Failure to do this can result in an ImagePullBackOff when trying to deploy the collector in GKE.

You can find the name of this service account with gcloud iam service-accounts list:

$ gcloud iam service-accounts list
DISPLAY NAME                            EMAIL                                                            DISABLED
Compute Engine default service account  [email protected]               False
...

Give this service account reader permissions to the registry you plan to use for your collector images. For example, if you are using gcr.io in us with the account from above:

gcloud artifacts repositories add-iam-policy-binding gcr.io \
    --location=us \
    --member=serviceAccount:[email protected] \
    --role="roles/artifactregistry.reader"

NOTE: If you followed the default values in this sample and are using Artifact Registry, gcr.io should be replaced with otel-collectors (name of the repository) and us would be us-central1 (location of the repository).

Verify updates to files/ConfigMaps in Kubernetes cluster

If you made an update to the Kubernetes ConfigMap and want to verify if the map is updated, you can run -

kubectl describe <ConfigMap> -n $OTEL_NAMESPACE

In case you have a different namespace, replace $OTEL_NAMESPACE with the name of that namespace.

If you wish to verify that the file from which the map is created, is updated within the Kubernetes environment after updating the file locally and updating ConfigMap, you would need to get access to the shell of the running pod.

Docker images for the examples in this repository are extemely minimal and do not contain the bash shell by default. To access the running pod's shell you would need to add these utilities to the Docker image of the OpenTelemetry Collector that you build & deploy.

You would need the sh utility to access shell and cat utility - to view the contents of the file and to know if the file exists. Update the Dockerfile for the OpenTelemetry Collector image by adding the following lines -

FROM busybox:1.35.0-uclibc as busybox
COPY --from=busybox /bin/sh /bin/sh   # copies the sh utility from busybox and puts it on /bin/sh
COPY --from=busybox /bin/cat /bin/cat # copies the cat utility from busybox and puts it on /bin/cat

Now the image built from this updated Dockerfile will have a shell access and the cat command available (Simply installing the sh shell does not install all commands that typically come with the bash shell). If you need more linux commands like ls, mkdir, etc. for debugging purposes, you can copy them from busybox in similar fashion.

After building the image by following the same steps in build/local or build/cloudbuild, you need to redeploy the image to you GKE cluster using kubectl apply -f manifest.yaml -n $OTEL_NAMESPACE.
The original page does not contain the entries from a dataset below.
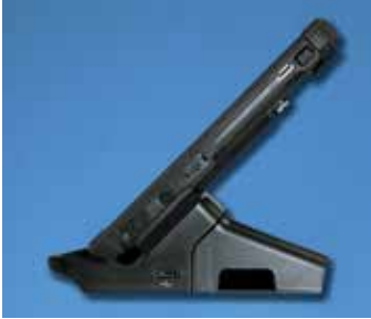
Stylish, Space-Saving Rugged Tablet and Docking Station
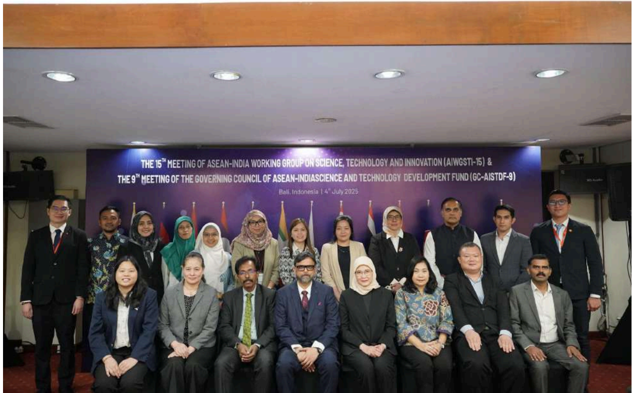
The 9th Governing Council Meeting of the ASEAN–India Science & Technology Development Fund (GC-AISTDF-9) at The ASEAN–India ScaleHub 2025

A vital feature of the event was the concurrent hosting of the 15th ASEAN–India Working Group on Science, Technology, and Innovation (AIWGSTI-15) and the 9th Governing Council Meeting of the ASEAN–India Science & Technology Development Fund (GC-AISTDF-9). These high-level meetings brought together senior officials and technical experts to advance joint R&D initiatives, define co-investment priorities, and strengthen frameworks for knowledge transfer and capacity building. Discussions ranged from digital transformation and green innovation to frameworks for intellectual property rights and gender-inclusive entrepreneurship, cementing the region’s commitment to shared prosperity and resilience.
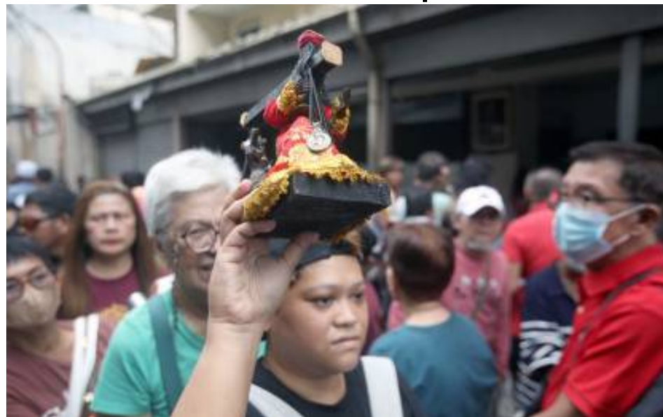
DEVOTION. A Catholic devotee carries an image of the Jesus Nazareno in Quiapo, Manila on Friday (Jan. 2, 2026). Organizers of the annual celebration of the feast of Jesus Nazareno reminded devotees that the blessing of replica images and banners (istandarte) will be held at 1 p.m. on Saturday (Jan. 3).
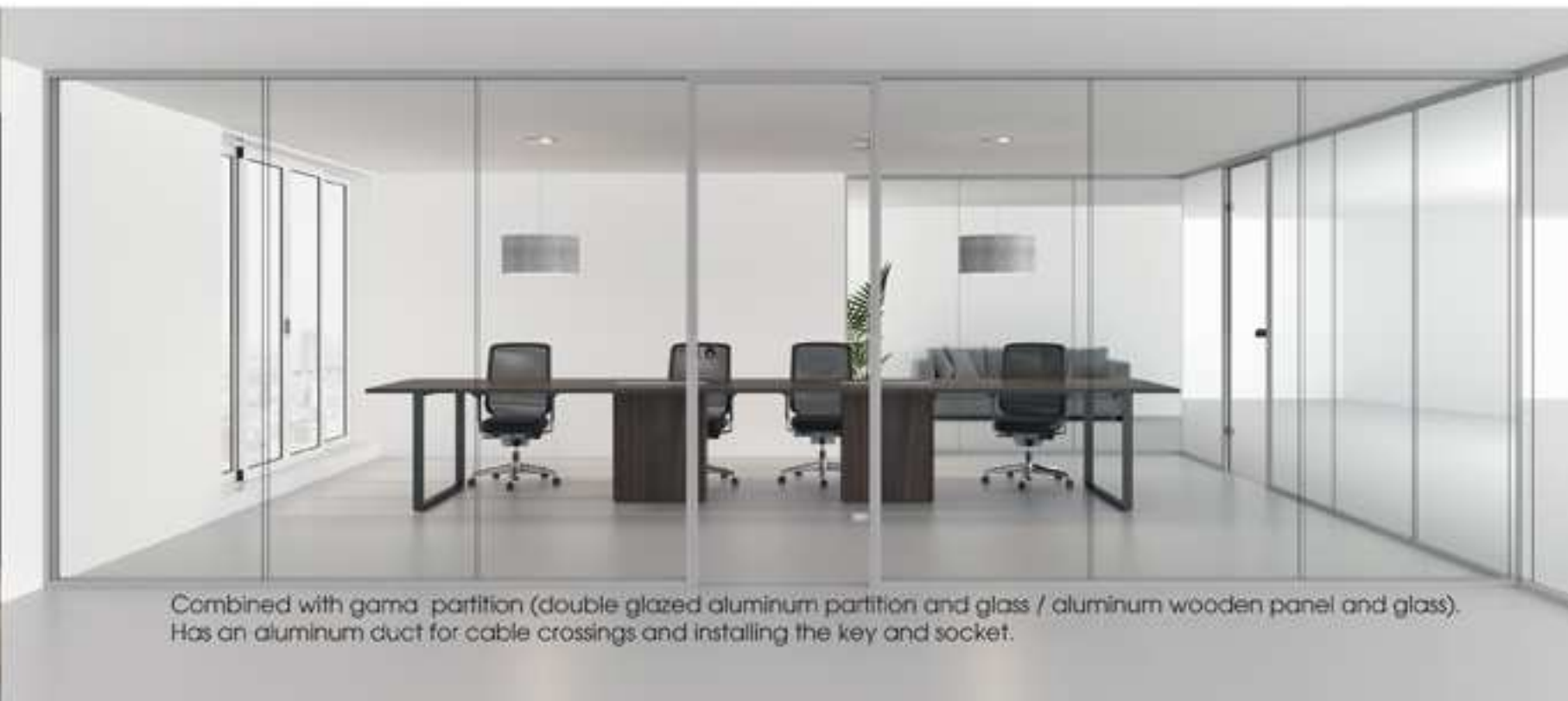
Combined with gama partition (double glazed aluminum partition and glass / aluminum wooden panel and glass). Has an aluminum duct for cable crossings and installing the key and socket.
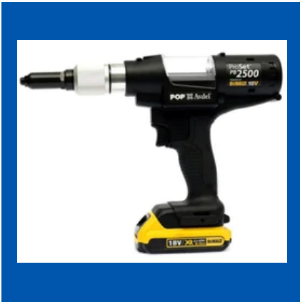
STANLEY - PB2500 BATTERY TOOL
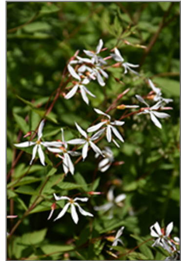
Bowman's Root flowers

This plant will require occasional maintenance and upkeep, and should be cut back in late fall in preparation for winter. It is a good choice for attracting bees and butterflies to your yard. It has no significant negative characteristics.
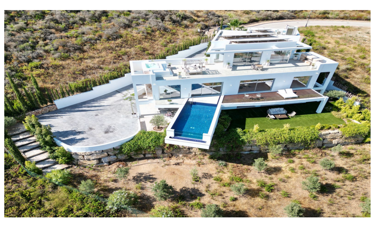
La Cala de Mijas
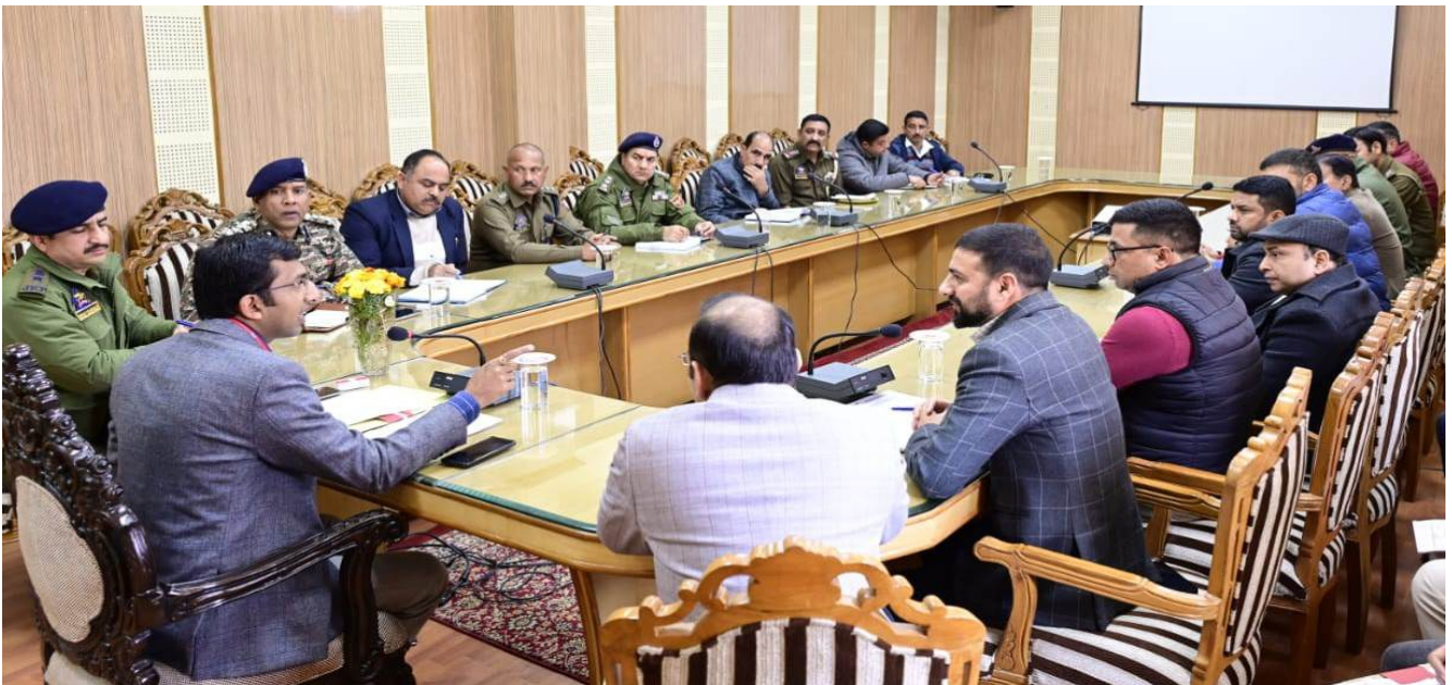
CEO Shrine Board holds security review meeting

Chief Executive Officer stressed for action on diverse fronts for hassle free pilgrimage which included issuance and verification of Radio Frequency Identification (RFID) cards, effective crowd management, augmentation of holding areas on the track and in Katra town, working out plans for decongestion of the entire track, particularly the Bhawan area and all time surveillance through dedicated CCTV network of over 700 cameras. He further exhorted all security agencies to remain more vigilant so that no pilgrim without frisking and valid registration enters the track for their pilgrimage.
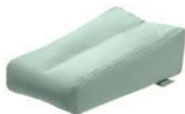
Cobi Heel/arm cushion
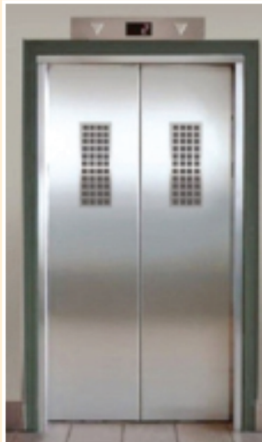
Auto Center Small Vision Door
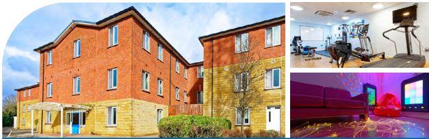
Bridge Hampton – Cygnets Bury Dunes, Lancashire Low Secure Service

To get shell access for the pod, run -

kubectl exec -n $OTEL_NAMESPACE -it pod_container_name -- sh

To check the contents of a mounted file, run -

kubectl exec -n $OTEL_NAMESPACE -it pod_container_name -- cat file_mount_path

In the above,

  • pod_container_name is the name of the running pod. You can get the pod name using - kubectl get pods -n $OTEL_NAMESPACE.
  • file_mount_path is the path you configured in Kubernetes deployment in the volumeMounts section, for instance, for the redaction sample, this would be - /mnt/testdata.